SImulator of GAlaxy Millimetre/submillimetre Emission (SIGAME): CO emission from massive z=2 main-sequence galaxies

We present sígame (SImulator of GAlaxy Millimetre/submillimetre Emission), a new numerical code designed to simulate the ¹²CO rotational line spectrum of galaxies. Using sub-grid physics recipes to post-process the outputs of smoothed particle hydrodynamics (SPH) simulations, a molecular gas phase is condensed out of the hot and partly ionized SPH gas. The gas is subjected to far-UV radiation fields and cosmic ray ionization rates which are set to scale with the local star formation rate volume density.
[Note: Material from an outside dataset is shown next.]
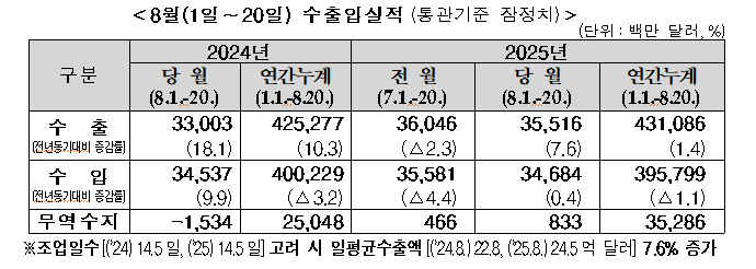 조업일수(2024·2025년 동일 14.5일)를 고려한 일평균 수출액은 24억5천만 달러로 지난해 같은 기간보다 7.6% 늘었다.
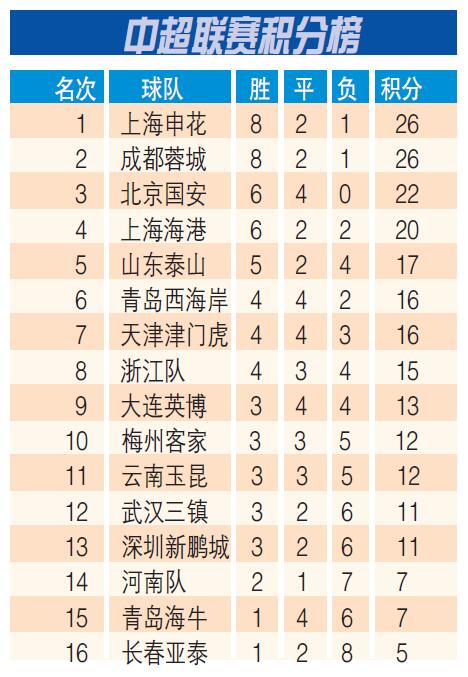中超联赛第11轮昨天进行了最后两场比赛,梅州客家队主场1:3不敌上海申花队,深圳新鹏城队客场0:0战平青岛西海岸队。

Level populations and radiative transport of the CO lines are solved with the 3D radiative transfer code lime. We have applied sígame to cosmological SPH simulations of three disc galaxies at z = 2 with stellar masses in the range ∼0.5–2 × 10¹¹ M_⊙ and star formation rates ∼40–140 M_⊙ yr⁻¹. Global CO luminosities and line ratios are in agreement with observations of disc galaxies at z ∼ 2 up to and including J = 3–2 but falling short of the few existing J=5–4 observations. The central 5 kpc regions of our galaxies have CO 3 − 2/1 − 0 and 7 − 6/1 − 0 brightness temperature ratios of ∼0.55–0.65 and ∼0.02–0.08, respectively, while further out in the disc the ratios drop to more quiescent values of ∼0.5 and <0.01. Global CO-to-H₂ conversion (α_CO) factors are ≃1.5M⊙pc−2(Kkms−1)−1, i.e. ∼2–3 times below the typically adopted values for disc galaxies, and α_CO increases with radius, in agreement with observations of nearby galaxies. Adopting a top-heavy Giant Molecular Cloud (GMC) mass spectrum does not significantly change the results. Steepening the GMC density profiles leads to higher global line ratios for J_up ≥ 3 and CO-to-H₂ conversion factors [≃3.6M⊙pc−2(Kkms−1)−1].